# California APPROVES Waymo Driverless



## Seven77 (Oct 26, 2018)

Waymo's permit includes day and night testing on city streets, rural roads and highways with posted speed limits of up to 65 miles per hour. Our vehicles can safely handle fog and light rain, and testing in those conditions is included in our permit. We will gradually begin driverless testing on city streets in a limited territory and, over time, expand the area that we drive in as we gain confidence and experience to expand.

https://medium.com/waymo/a-green-light-for-waymos-driverless-testing-in-california-a87ec336d657


----------



## heynow321 (Sep 3, 2015)

People in California better make sure their wills are in order. There will be blood


----------



## tohunt4me (Nov 23, 2015)

heynow321 said:


> People in California better make sure their wills are in order. There will be blood


Again.



Seven77 said:


> Waymo's permit includes day and night testing on city streets, rural roads and highways with posted speed limits of up to 65 miles per hour. Our vehicles can safely handle fog and light rain, and testing in those conditions is included in our permit. We will gradually begin driverless testing on city streets in a limited territory and, over time, expand the area that we drive in as we gain confidence and experience to expand.
> 
> https://medium.com/waymo/a-green-light-for-waymos-driverless-testing-in-california-a87ec336d657


Anti Trust.
Many lawsuits & Investigations for GOOGLE.
WORLD WIDE.


----------



## Mile HighMile645! (Oct 1, 2018)

This car is now legal in California. No steering wheel, no pedals.


----------



## Seven77 (Oct 26, 2018)

*While 60 companies have permits to test autonomous vehicles in California, the state is allowing Waymo to be the first to field cars without a safety driver behind the wheel. The tests will involve a fleet of roughly three dozen vehicles.*

https://www.bloomberg.com/news/arti...n-driverless-tests-in-california?srnd=premium


----------



## Uber's Guber (Oct 22, 2017)

heynow321 said:


> People in California better make sure their wills are in order. There will be blood


I'm more frightened by all the idiots driving in California. I'm ready to take my chances with self-driving cars.


----------



## Seven77 (Oct 26, 2018)

heynow321 said:


> People in California better make sure their wills are in order. There will be blood


Swing and a Miss, Hank Kingsley heynow321 
since currently over 100 souls a day are killed by human drivers im sure their Wills are current


----------



## Mile HighMile645! (Oct 1, 2018)

"The company launched an early rider program in April 2017. Later that year, Waymo removed employees and passengers from its test fleet, sending empty self-driving minivans onto the streets of greater Phoenix."
10 million miles, zero blood.

https://techcrunch.com/2018/10/30/w...cars-go-fully-driverless-on-california-roads/


----------



## heynow321 (Sep 3, 2015)

Seven77 said:


> Swing and a Miss, Hank Kingsley heynow321
> since currently over 100 souls a day are killed by human drivers im sure their Wills are current


Nope. People will die in increased amounts. Especially deaths per "autonomous" miles driven considering these cars cannot compete with humans drivers whatsoever


----------



## uberdriverfornow (Jan 10, 2016)

Mile HighMile645! said:


> "The company launched an early rider program in April 2017. Later that year, Waymo removed employees and passengers from its test fleet, sending empty self-driving minivans onto the streets of greater Phoenix."
> 10 million miles, zero blood.
> 
> https://techcrunch.com/2018/10/30/w...cars-go-fully-driverless-on-california-roads/


Great, let's see the video. Show us ANY video over 15 minutes in length showing residents of Phoenix being picked up by a car driving itself and being driven somewhere, anywhere.

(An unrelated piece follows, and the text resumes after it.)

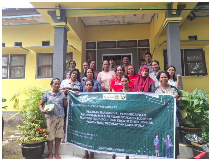
Gambar 6. Dokumentasi Bersama Tim Pengabdian

Dalam jangka pendek, kegiatan ini telah menghasilkan tiga luaran terukur: 1) dua KEPK yang terbentuk secara formal dengan Berita Acara yang sah; 2) dua akun media sosial aktif sebagai infrastruktur pemasaran digital awal; serta 3) peningkatan kapasitas manajerial dan literasi keuangan dasar bagi 25 peserta. Luaran-luaran ini merupakan fondasi awal yang nyata bagi kemandirian ekonomi perempuan di Kelurahan Pohon Bao. Dalam jangka panjang, model Gerakan Ibu Mandiri memiliki potensi replikasi yang tinggi untuk diterapkan di kelurahan-kelurahan lain di Kecamatan Larantuka maupun Kabupaten sekitarnya yang memiliki karakteristik demografis serupa. Peluang pengembangan ke depan meliputi: 1) pendampingan lanjutan secara berkala oleh tim pengabdian atau Dinas UKM untuk memastikan keberlanjutan aktivitas KEPK; 2) fasilitas akses permodalan melalui program KUR atau dana hibah UMKM; 3) pengembangan produk unggulan berbasis kearifan lokal yang dipasarkan melalui platform digital; serta 4) integrasi program ke dalam kebijakan resmi pemberdayaan perempuan ditingkat kabupaten sebagai praktik baik ( best practice ) yang dapat didokumentasikan dan direplikasi secara sistematis.

Given that you said there have been 10 million miles there should be plenty of video showing these things driving over 15 minutes in length.

If you can't, then everything you said about these cars driving 10 million miles is a complete lie.

We'll wait.



heynow321 said:


> Nope. People will die in increased amounts. Especially deaths per "autonomous" miles driven considering these cars cannot compete with humans drivers whatsoever


Keep in mind that they will keep the driver in the vehicle so as long as it doesn't stop paying attention like the woman that was driving the Uber car then there won't be as many deaths as there will be if they completely take the human driver out.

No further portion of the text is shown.